The Mackinnon court concluded that the text was not advertising or marketing because although the reservation was booked, it was not completed until the plaintiff ate dinner at the restaurant.
“Even assuming Phan paid for his booking on Agoda’s website at the time of booking (as opposed to at the time of travel), this fact does not change the Court’s conclusion,” Judge Freeman added. “Phan contracted with Agoda for the provision of travel accommodations; Agoda’s obligations were only completed by its successfully providing those accommodations to Phan at the time of Phan’s travel.”
The content of the messages only reinforced the court’s decision.
“The plain language of the text messages is limited to (1) confirming the booking (a purpose no court cited by Phan has found constitutes advertising or telemarketing); and (2) encouraging Phan to ‘manage [his] booking’ via the app,” the court said. “These two purposes directly related to Phan’s transaction with Agoda.”
For support, the court cited Aderhold v. Car2go, Wick v. Twilio and Daniel v. Five Stars Loyalty, Inc., each of which focused on whether the text messages at issue were directly germane to the transaction.
“Here, the context and the content of the messages demonstrate that the purpose of the messages was not to advertise or telemarket, but instead was directly cabined to facilitating and completing an existing transaction,” Judge Freeman wrote.
The inclusion of the link did not alter this analysis. Although the app may fairly be considered a product or service of Agoda, the messages “simply cannot be said to advertise the commercial availability of this product or service under the law,” the court said.
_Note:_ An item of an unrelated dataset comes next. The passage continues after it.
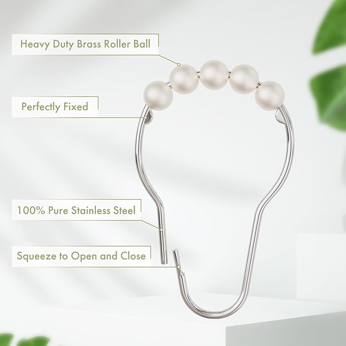 - Free gliding action - No snagging; no effort; no hassle. These white shower hooks feature specially engineered spherical balls to reduce friction and allow effortless gliding across the rod with virtually no effort at all.

Instead, the app is readily analogized to Agoda’s website, as the two platforms have substantially similar processes for booking travel and most (if not all) of the same functions, the court said. Even though the app contains certain promotions, it was included to facilitate, complete or confirm a commercial transaction, making the link to it fully germane to the transaction, the court said.
“Put simply, Agoda was not advertising the app’s commercial availability,” Judge Freeman wrote. “To hold otherwise would run headlong into the decisions in this Circuit and others holding that inclusion of the link to a defendant’s website, without more, does not render a message advertising or telemarketing.”
To read the order in Phan v. Agoda Company Pte. Ltd., click here.
Why it matters: In another commonsense decision, and relying heavily on precedent, the California court found that the text messages were sent as part of an ongoing business transaction between the parties and therefore did not constitute advertising or telemarketing. The mere inclusion of a link to the defendant’s app—which itself contained some promotional materials—did not impact the outcome. Critically, the text messages and inclusion of the linked app were made contemporaneously with and directly related to the ongoing transaction. Although not every jurisdiction agrees that a link to an app is not advertising or marketing, this decision is consistent with prior Ninth Circuit precedent that mere inclusion of a link, without more, is insufficient itself to transform an otherwise transactional text message into a marketing message. This decision is a helpful benchmark for those businesses in the Ninth Circuit who want to offer their customers the option of managing their transactions online or through an app.